# WHAT THE TASK ASKS
If an entry includes an image, drop the image and copy the rest verbatim.

# RECORDED DATA
○ ○ ○ ○
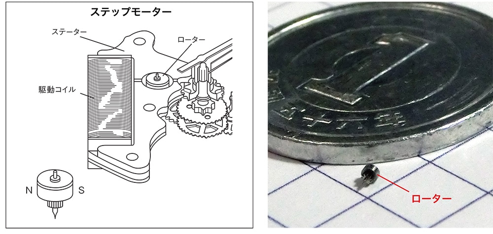 ステップモーター、アナログクオーツ時計
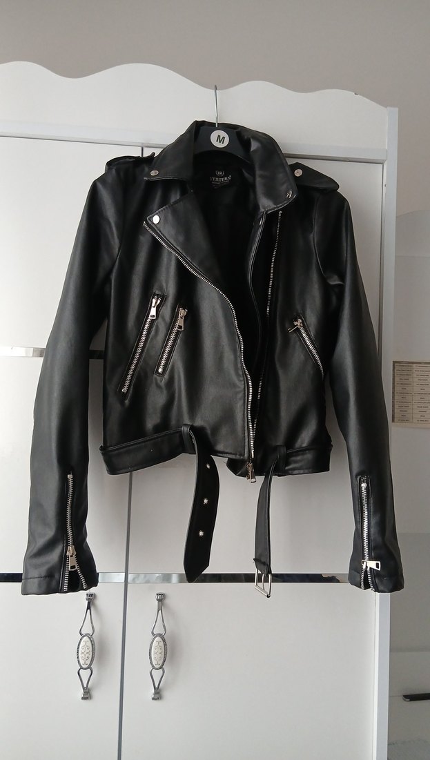 Siyah, oturan kesim deri biker ceket. Notlu yaka, tokalı kayışlar ve fermuarlı kollar içerir. Midi boy, desensiz tasarım.
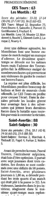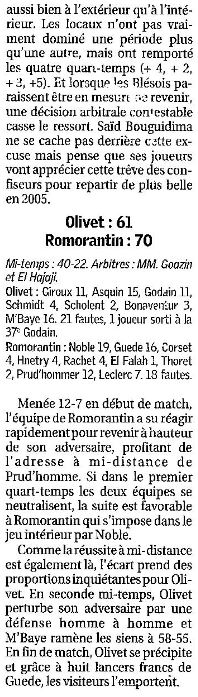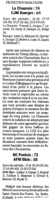 Saison 2004-2005 : Résultats des équipes du Loir et Cher engagées dans les Championnats Régionaux lors de la Journée du 19 Décembre 2004
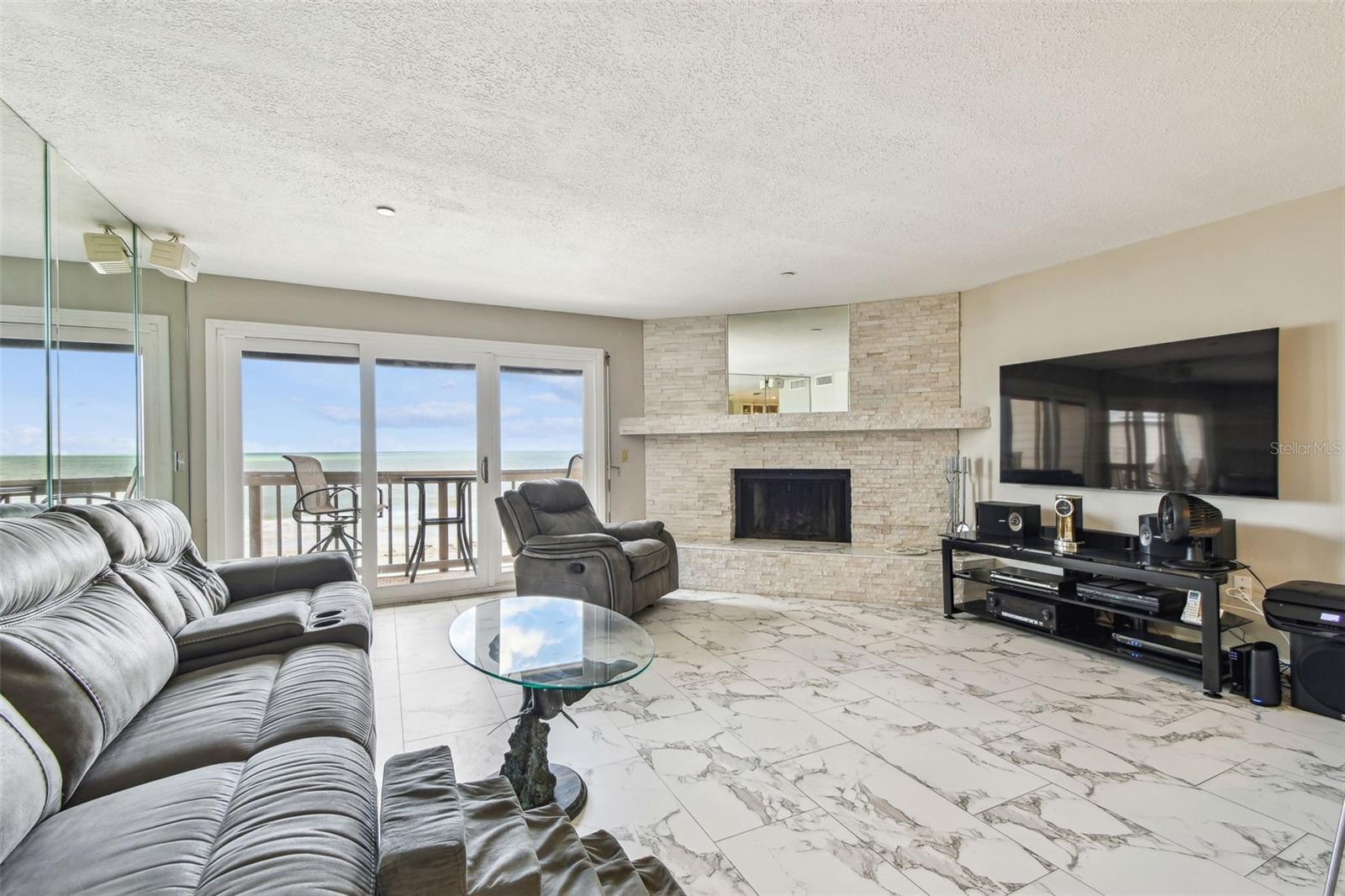 Welcome to Your Slice of Paradise – Gulf Front Penthouse in Indian Shores Experience true beachfront luxury in this DIRECT GULF FRONT PENTHOUSE, where coastal charm meets refined comfort. Located in the heart of Indian Shores, this exceptional 4-bedroom, 3-bath residence offers panoramic views of the Gulf and the Intracoastal Waterway, delivering the ultimate in Florida beach living. Step inside to find sleek, modern updates complemented by timeless finishes. The open-concept great room is anchored by a striking wood-burning fireplace, with ceramic tile flooring flowing throughout the living areas, kitchen, and hallways. The gourmet kitchen is a chef’s dream, featuring custom cabinetry, stone countertops, a breakfast bar that seats six, a closet pantry, and a dry bar with wine cooler—ideal for entertaining. Two spacious en-suite bedrooms with updated baths are located on the main floor, offering privacy and comfort for family and guests. Through the sliding glass doors, step out to your Gulf-front balcony and soak in stunning sunsets and the sound of waves. The upper level boasts a grand master suite with cathedral ceilings, a private beachfront balcony, and expansive views of the Gulf. A versatile fourth bedroom on this level is perfect for a home office, media room, or yoga studio. With two additional balconies, you can enjoy sunrises over the Intracoastal and sunsets over the Gulf—all from your own private retreat. Additional features include: • Gated access • Two assigned under-building parking spaces • Private storage closet for beach gear, bikes, and more • Recently renovated building exterior with Hardie Board siding Whether you’re seeking a primary residence, a luxury vacation home, or a high-end investment, this penthouse offers vacation-style living all year long. Conveniently located near popular restaurants, beach bars, coffee shops, entertainment, and the beach trolley. Don’t miss this rare opportunity—schedule your private showing today and start living the beachfront lifestyle you’ve always dreamed of.
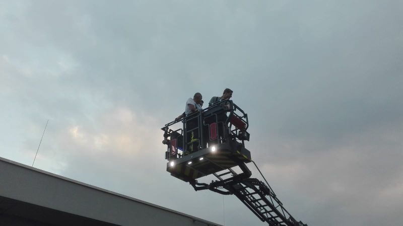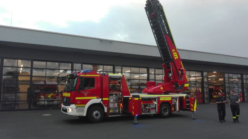 Nach einer grundlegenden Fahrzeugkunde ging es in die „Praxis“ über. Wobei Praxis daraus bestand in kleinen Gruppen in die Höhe zu fahren und die Bedienung des Leiterparks und Korb erklärt zu bekommen, natürlich durfte man es auch selbst versuchen um die Feinheiten kennenzulernen.
○ ○ ○ ○
# ANSWER TO THE PROBLEM
 ステップモーター、アナログクオーツ時計
 Siyah, oturan kesim deri biker ceket. Notlu yaka, tokalı kayışlar ve fermuarlı kollar içerir. Midi boy, desensiz tasarım.
 Saison 2004-2005 : Résultats des équipes du Loir et Cher engagées dans les Championnats Régionaux lors de la Journée du 19 Décembre 2004
 Welcome to Your Slice of Paradise – Gulf Front Penthouse in Indian Shores Experience true beachfront luxury in this DIRECT GULF FRONT PENTHOUSE, where coastal charm meets refined comfort. Located in the heart of Indian Shores, this exceptional 4-bedroom, 3-bath residence offers panoramic views of the Gulf and the Intracoastal Waterway, delivering the ultimate in Florida beach living. Step inside to find sleek, modern updates complemented by timeless finishes. The open-concept great room is anchored by a striking wood-burning fireplace, with ceramic tile flooring flowing throughout the living areas, kitchen, and hallways. The gourmet kitchen is a chef’s dream, featuring custom cabinetry, stone countertops, a breakfast bar that seats six, a closet pantry, and a dry bar with wine cooler—ideal for entertaining. Two spacious en-suite bedrooms with updated baths are located on the main floor, offering privacy and comfort for family and guests. Through the sliding glass doors, step out to your Gulf-front balcony and soak in stunning sunsets and the sound of waves. The upper level boasts a grand master suite with cathedral ceilings, a private beachfront balcony, and expansive views of the Gulf. A versatile fourth bedroom on this level is perfect for a home office, media room, or yoga studio. With two additional balconies, you can enjoy sunrises over the Intracoastal and sunsets over the Gulf—all from your own private retreat. Additional features include: • Gated access • Two assigned under-building parking spaces • Private storage closet for beach gear, bikes, and more • Recently renovated building exterior with Hardie Board siding Whether you’re seeking a primary residence, a luxury vacation home, or a high-end investment, this penthouse offers vacation-style living all year long. Conveniently located near popular restaurants, beach bars, coffee shops, entertainment, and the beach trolley. Don’t miss this rare opportunity—schedule your private showing today and start living the beachfront lifestyle you’ve always dreamed of.
 Nach einer grundlegenden Fahrzeugkunde ging es in die „Praxis“ über. Wobei Praxis daraus bestand in kleinen Gruppen in die Höhe zu fahren und die Bedienung des Leiterparks und Korb erklärt zu bekommen, natürlich durfte man es auch selbst versuchen um die Feinheiten kennenzulernen.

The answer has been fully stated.